Why Workers Who Smoke Marijuana Really Are Worse At Their Jobs

People who smoked marijuana generally reported less dedication to work, according to a study

According to a real shocker from the world of bona fide science, smoking marijuana is tied to less motivation at the office.

 

The author of the study said it can’t prove whether that’s due to the drug’s effects, the social environment in which it’s used or whether pot smokers are just more likely to be laid-back from the get-go.

 

Though researcher Christer Hyggen suspects pot is the culprit, another possible explanation is that people who aren’t so happy with their work situation or motivated on the job are more likely turn to drugs.

 

‘There’s a popular belief that people who smoke cannabis are slackers and that they don’t want to work,’ Hyggen, from the Oslo-based social research institute NOVA, told Reuters Health.

 

To see how well that perception held up, he analyzed data from a 25-year-long study of close to 1,500 Norwegians. Starting in 1987, when they were in their late teens and early 20s, participants filled out surveys that included questions on their recent pot use on five different occasions, into their 40s.

 

They also rated their attitudes on statements that reflected work commitment, such as ‘It is very important for me to have a job’ and ‘I feel restless when I have no work to do,’ ranked on a scale of one to five, with five reflecting the most commitment.

 

People who reported smoking in the past year generally reported less dedication to work than abstainers, according to findings published in the journal Addiction.

 

The pattern held after Hyggen took into account their mental health, satisfaction with their work environment, their economic background and how much alcohol they drank.

 

He also found that those who only reported recent smoking on one survey – the ‘experimenters’ — tended to be as committed as abstainers as they got older.

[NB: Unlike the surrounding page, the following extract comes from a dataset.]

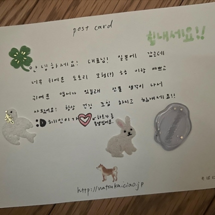 가장 먼저 공개한 건 뉴진스 혜인이 쓴 엽서.The first one to be released was a postcard written by Hye-in of New Jin's. 혜인은 "안녕하세요! 대표님!Hyein said, "Hello, CEO!" 일본에 갔는데 너무 귀여운 도토리 모형(?) ㅎㅎ이랑 예쁘고 귀여운 엽서가 있길래 선물 생각이 나서 사왔어요!"라면서 민희진 대표에게 "항상 건강 조심하시고 힘내세요!When I went to Japan, there was a very cute acorn model (?) and a pretty and cute postcard, so I bought it because I thought of a gift! I always told CEO Min Hee-jin, "Take care of your health and cheer up! 혜인이가"라고 전했다.said Hye-in. 하트도 그려넣었는데 혜인은 "하트가 좀 못생겼어요"라고 덧붙여 미소를 불러일으켰다.I also drew a heart, but Hye-in added, "The heart is a little ugly," raising a smile.

That wasn’t the case for participants who repeatedly acknowledged marijuana use: their work commitment continued to decline into adulthood, and remained significantly below that of never-smokers.

 

By the last survey, in 2010, the 63 repeat users had an average score of 3.9 on questions of work commitment. That compared to scores between 4.2 and 4.3 in participants who had only experimented with marijuana or never tried it, including those who said their friends used the drug but they didn’t.

 

The findings suggested that over time, ‘people who quit smoking cannabis increase their work commitment, and people who take up smoking cannabis reduce their work commitment,’ Hyggen said.

 

While his results can’t prove a cause-and-effect relationship, ‘we were able to at least close in on this association.’

 

Such a link fits logically, according to another researcher not involved in the study.

 

‘For adolescents who are engaged in marijuana use and substance use, to the extent that that decreases or limits the academic achievement they would have achieved otherwise, that would limit their employment opportunities,’ said Kimberly Henry, from Colorado State University in Fort Collins, who has studied marijuana and truancy in adolescents.

 

Still, she told Reuters Health, ‘I think like many of these kinds of behaviors, there is kind of a spiral cycle where one reinforces the other.’

 

Hyggen said that it’s not a bad idea to stay away from drugs including marijuana.

 

‘At the same time I don’t think we should be overly afraid of people experimenting with drugs in youth,’ he said, as young people with that type of marijuana use didn’t end up with a diminished work ethic as adults.

 

Henry agreed that heavier marijuana use is what’s worrisome when it comes to school and work performance.

 

‘This idea that makes sense from theory and just conventional wisdom is that it’s the higher-level use that’s probably causing the most problems,’ she said.